Content starts

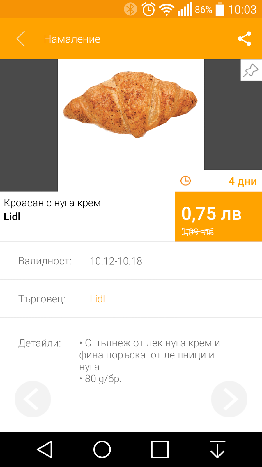 При отваряне на списъка с предлагани продукти веднага разполагате с най-важната информация – цена и оставащи дни от промоцията. Освен това можете да прегледате и допълнителна продуктова информация при натискане на съответния продукт.
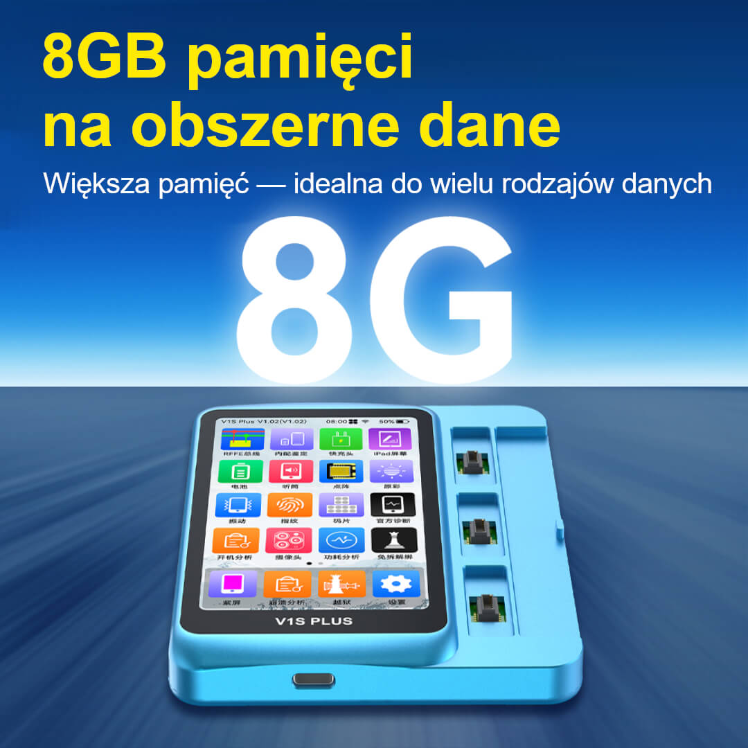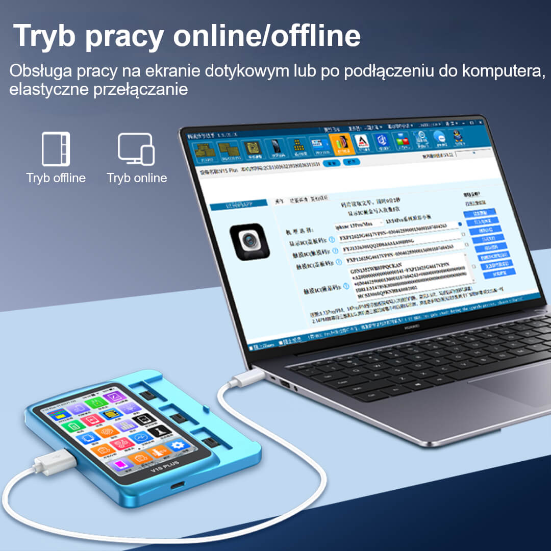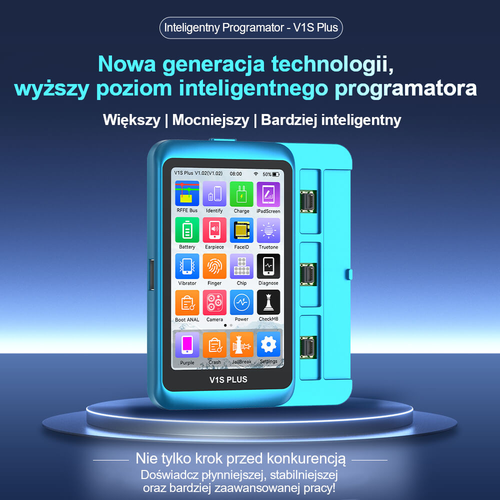 JCID V1S Plus to inteligentny programator nowej generacji, stworzony z myślą o profesjonalnych serwisach GSM. Wyposażony w 4-calowy ekran dotykowy HD, szybką łączność WiFi 2.4G/5G oraz tryb pracy online/offline, umożliwia sprawne programowanie i diagnostykę komponentów w iPhone od 6 do 16PM oraz wybranych modeli iPad.
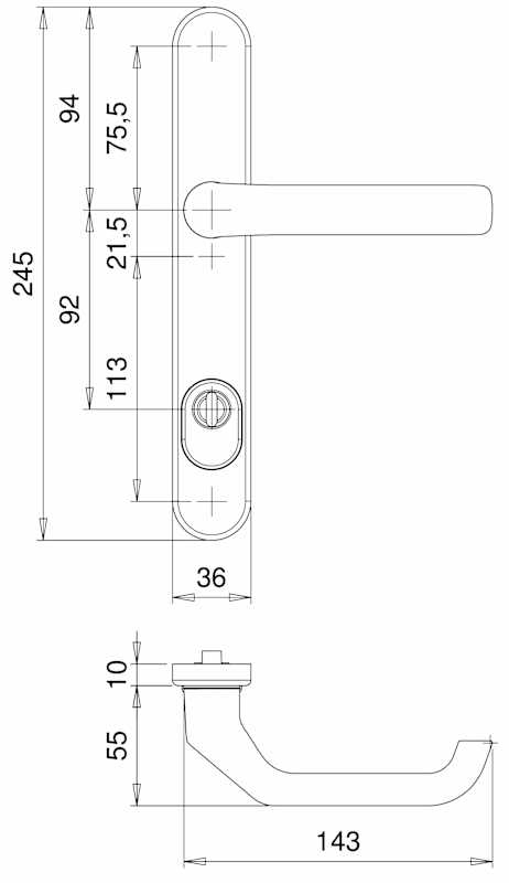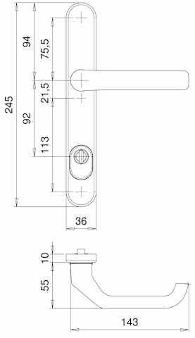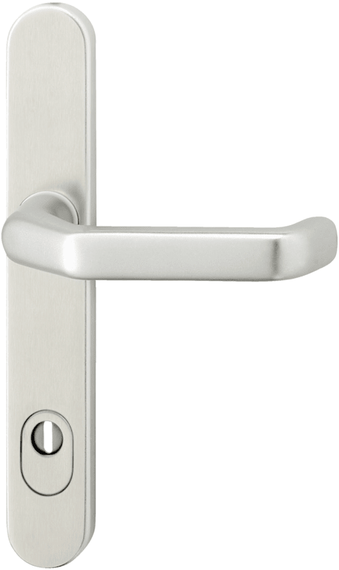PA Rohrrahmen Sicherheits-Drückergarnitur Kronos 1201/0046,Langschild,mit Zylinderabdeckung 92/9,DIN Links-Rechts,edelstahl matt,U-Form gekröpft/U-Form gekröpft
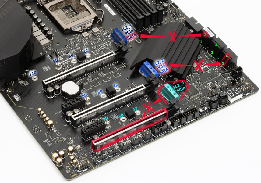 Поскольку количество HSIO линий у Z490 ограничено тридцатью, то приходится делить ресурсы, о чем я выше уже говорил, рассматривая PCIe слоты. В частности, повторю, что M.2_3 слот выключает PCIe x16_3, и наоборот. То есть в случае использования всех трех PCIe x16 (для AMD CrossFire, например) порт M.2_3 будет отключен. Если в слот M.2_1 вставлен накопитель с интерфейсом SATA, то это автоматом отключит порт SATA_2 (ну и наоборот, если последний задействован, то слот M.2_1 будет работать только в режиме PCIe x4). Слот M.2_2 не может работать одновременно с портами SATA_5/6, то есть тут тоже придется выбирать.
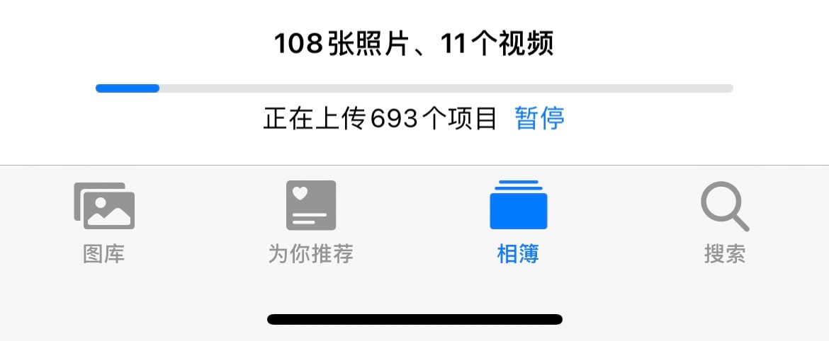 照片怎么找都找不到,而且相册里一直显示正在上传项目,但是没有动。照片也没有回来。

Content ends

■ WORK INSTRUCTIONS ■
The entries should be reproduced word for word, pictures omitted.

■ FINISHED TASK ■
 При отваряне на списъка с предлагани продукти веднага разполагате с най-важната информация – цена и оставащи дни от промоцията. Освен това можете да прегледате и допълнителна продуктова информация при натискане на съответния продукт.
 JCID V1S Plus to inteligentny programator nowej generacji, stworzony z myślą o profesjonalnych serwisach GSM. Wyposażony w 4-calowy ekran dotykowy HD, szybką łączność WiFi 2.4G/5G oraz tryb pracy online/offline, umożliwia sprawne programowanie i diagnostykę komponentów w iPhone od 6 do 16PM oraz wybranych modeli iPad.
PA Rohrrahmen Sicherheits-Drückergarnitur Kronos 1201/0046,Langschild,mit Zylinderabdeckung 92/9,DIN Links-Rechts,edelstahl matt,U-Form gekröpft/U-Form gekröpft
 Поскольку количество HSIO линий у Z490 ограничено тридцатью, то приходится делить ресурсы, о чем я выше уже говорил, рассматривая PCIe слоты. В частности, повторю, что M.2_3 слот выключает PCIe x16_3, и наоборот. То есть в случае использования всех трех PCIe x16 (для AMD CrossFire, например) порт M.2_3 будет отключен. Если в слот M.2_1 вставлен накопитель с интерфейсом SATA, то это автоматом отключит порт SATA_2 (ну и наоборот, если последний задействован, то слот M.2_1 будет работать только в режиме PCIe x4). Слот M.2_2 не может работать одновременно с портами SATA_5/6, то есть тут тоже придется выбирать.
 照片怎么找都找不到,而且相册里一直显示正在上传项目,但是没有动。照片也没有回来。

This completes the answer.